132 F.2d 971 | 5th Cir. | 1943

HOLMES, Circuit Judge.

Appellant is the owner of certain bonds, issued by appellee in 1919, which provide that the principal and interest thereon shall be payable at the banking house of the National Park Bank in New York City. In 1927 there was a merger of said bank and the Chase National Bank in New York, under the National Banking Act, 12 U.S.C.A. § 33, and the merged institutions continued to operate as the Chase National Bank. Appellee used the National Park Bank as paying agent until the date of the merger, and for several years thereafter used the Chase National Bank. It then elected to use the First National Bank of Gainesville, Florida, and notified its bondholders to that effect.

On January 1 and July 1, 1940, the maturity dates of interest coupons attached to said bonds, appellee had no funds at the Chase National Bank to pay the obligations; it had ample funds for that purpose at the First National Bank of Gaines-ville; but appellant declined to present his *972coupons there for payment, and filed this suit to recover the amount of the coupons with interest from their respective due dates, and to require appellee to levy a special tax to satisfy the money judgment. Appellee, by answer, admitted liability for the principal of the coupons, and paid the amount thereof into court, but it denied liability for any interest thereon. The issue thus raised, whether appellant has an enforceable right to demand payment of his bonds and coupons at the Chase National Bank in New York, was decided by the court below adversely to appellant.

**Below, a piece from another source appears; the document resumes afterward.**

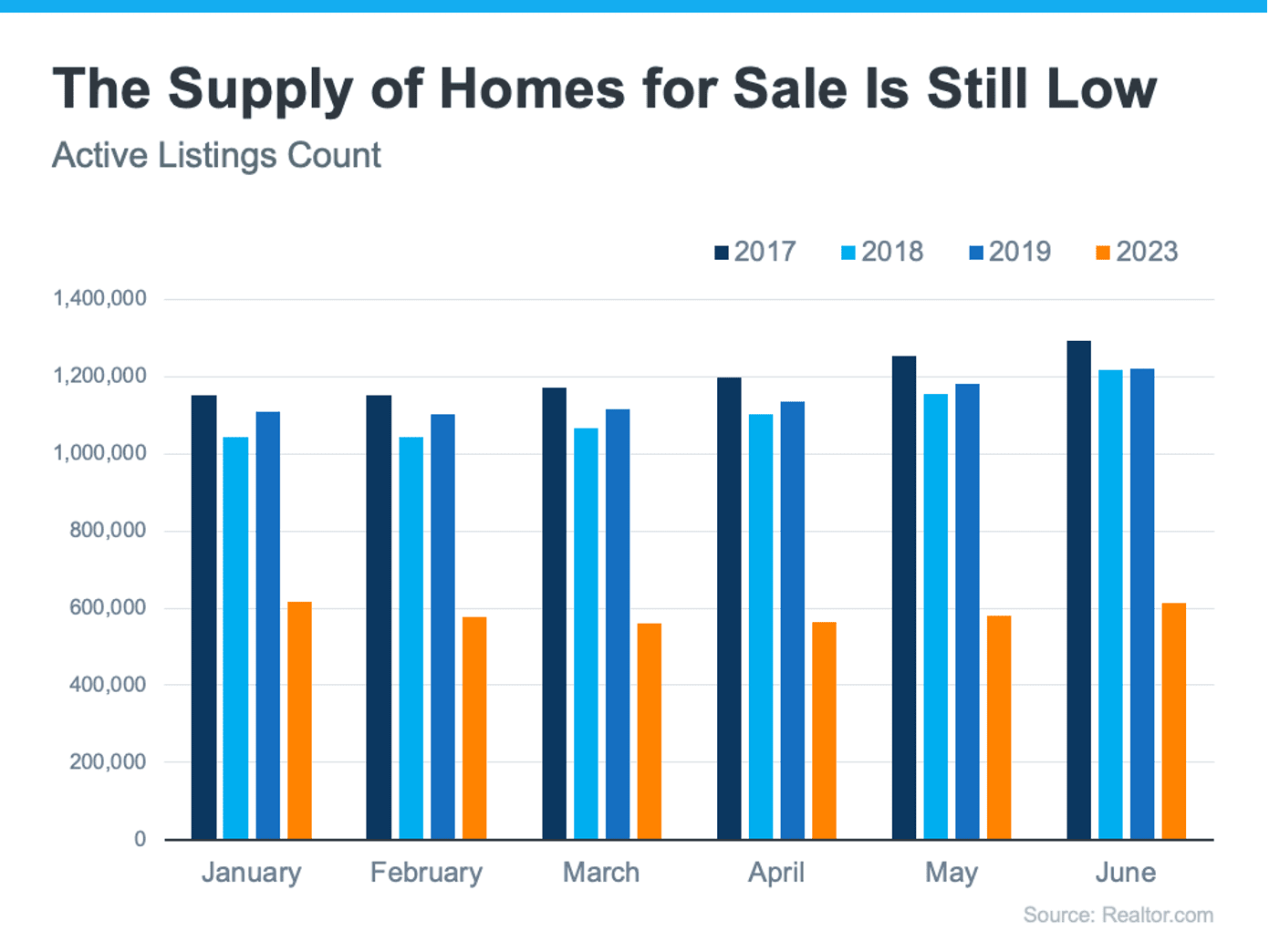 One of the biggest challenges in the housing market right now is how few homes there are for sale compared to the number of people who want to buy them. To help emphasize just how limited housing inventory still is, let’s take a look at the latest information on active listings, or homes for sale in a given month, as it compares to more normal levels.

The agreement as to time and place of payment of the bonds was a material part of the contract. Time is of the essence of any contract providing for the payment of interest, and a material change in the place of payment may involve not only forbearance from use of the money until the due date but also forbearance thereafter until collection may be effected, with the additional burden of collection charges not in contemplation of the parties when the contract was made. The provision for payment at the National Park Bank was binding upon and enforceable against both parties.1 We must therefore determine whether the merger of said banks rendered impossible the performance of the agreement to pay at said banking house in New York City, and, if so, whether the obligor then had the right to select the place of payment that it did.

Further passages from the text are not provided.